Borrow checked treat value as borrowed after using `to_owned`

I've got the following code snippet which is part of a bigger function and I have borrow checker complaining for (obviously valid) reason but I don't quite understand why.

 async fn func() -> Result<()> { 
  let mut file_mime_sub_type = None;

  while let Some(item) = payload.try_next().await? {
    let mut field = item;
    let mut content = vec![];
    
    // Field in turn is stream of *Bytes* object
    while let Some(chunk) = field.next().await {
      let chunk = chunk?;
      content.push(chunk);
    }

    let field_name = field.name();
    let content_type = field.content_type().unwrap_or(&mime::TEXT_PLAIN).to_owned();
    let mime_subtype = content_type.subtype();
    let content = content.concat();

    if mime_subtype.eq(&mime::TEXT_PLAIN.subtype()) {
      
    } else if is_supported_media_type(mime_subtype) {
      file_mime_sub_type = Some(mime_subtype);
    }
  }

  if let Some(mime_subtype) = file_mime_sub_type {
    // do something
  }
  ...
}

The error I see is:

   |
63 |     let content_type = field.content_type().unwrap_or(&mime::TEXT_PLAIN).to_owned();
   |         ------------ binding `content_type` declared here
64 |     let mime_subtype = content_type.subtype();
   |                                        ^^^^^^^^^^^^ borrowed value does not live long enough
...
79 |   }
   |   - `content_type` dropped here while still borrowed
...
93 |   if let Some(mime_subtype) = file_mime_sub_type {
   |                                                    ------------------ borrow later used here

I'm struggling to understand why content_type is a borrowed value. I did use to_owned and then assigned it to file_mime_sub_type. Doesn't this move the owned value to that variable?

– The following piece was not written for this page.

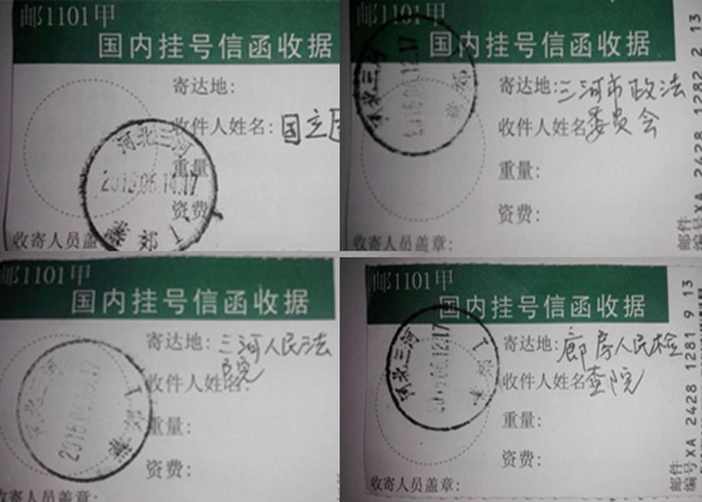 Receipt of registered mails to government agencies in Sanhe, Hebei

Below I add the fn signature of a couple of function. Hopefully that helps.

pub fn content_type(&self) -> Option<&mime::Mime> {
    self.ct.as_ref()
}


pub fn subtype(&self) -> Name {}
``

The content_type is indeed owned. But the Name returned by calling content_type.subtype() borrows from the content_type. You don't assign the owned content_type to file_mime_sub_type thus transferring ownership, but the borrowing mime_subtype. That is causing the lifetime error. To fix this I would suggest assigning file_mime_sub_type[1] to content_type instead of mime_subtype. You can always retrieve the subtype when you need it and there is no convenient way to convert a Name<'a> to Name<'static> and make Name own the underlying data.

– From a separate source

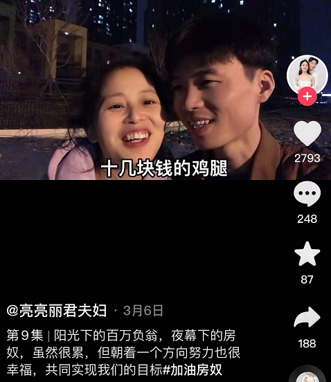 还笑嘻嘻地拍着自嘲小视频:一百万的房子说买就买,十几块的鸡腿犹豫半天。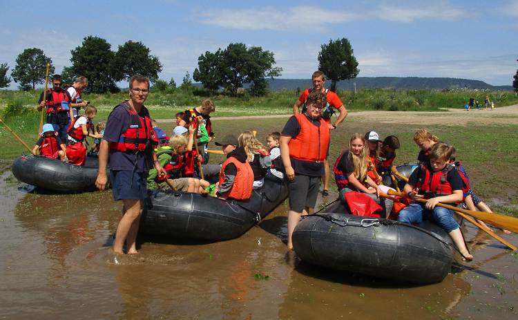 Das Ziel Rinteln war nur 12 km entfernt, aber der böige Westwind erforderte doch oftmals intensives Paddeln aller Teilnehmer und aufmerksames Steuern der Steuerleute. Aber das tat der guten Stimmung keinen Abbruch. Ganz im Gegenteil: Die Laune an Bord war sehr gut. Wie bei der Vormittagstour kam auch ein Takt ins Paddeln, und es wechselten sich paddeln, Ball spielen, Kennenlernspiele, Singen und treiben lassen und ausgedehnte Pause an Land einander ab. Wir waren bereits um 17.30 Uhr am Freibad / Weserbrücke Altstadt in Rinteln, 1 Std. früher als geplant. So hatten wir ausgiebig Zeit zum Abbauen, Verpflegung fassen und uns bei allen zu bedanken, die diese Tour ermöglicht hatten. Dank geht an die Steuerleute Matthias Weiß, Markus Langer, Sebastian Schulte, Matthias Mitosinka und Herm Henkel. Der Dank geht auch an die Service-crew Herbert Grohowski und Peter Herrmann am Vormittag und Herbert Grohowski und Marvin Fox am Nachmittag. Eine schöne Tour und die positiven Reaktionen der Teilnehmer ermutigen uns, auch im nächsten Jahr wieder eine Schlauchbootfahrt im Rahmen der Aktion Ferienpass anzubieten.

  1. Renaming the variable to file_mime_type instead I guess. ↩ī¸Ž

Thanks for the prompt reply mate, much appreciated. However, if Name is copy so shouldn't it simply copy it?

#[derive(Clone, Copy, PartialEq, Eq, PartialOrd, Ord, Hash)]

pub struct Name<'a> {}

Also why wouldn't the following work either (fails with the same exact error)

let content_type = field.content_type().unwrap_or(&mime::TEXT_PLAIN).to_owned();
let mime_subtype = content_type.subtype().to_owned();

.to_owned() for a type that implements Clone is simply a .clone(). For Name this means you're simply copying the reference it contains (but not the referenced value!). Thus the value you get is still borrowing the same thing.

2 Likes

The Copy implementation of Name just copies the reference inside of Name to the underlying string slice, it doesn't copy the content of the str and makes it owned data.

2 Likes

Oh ok that does make sense indeed. Thanks buddy :slight_smile: Basically, Name still has the lifetime of content_type. Got it now.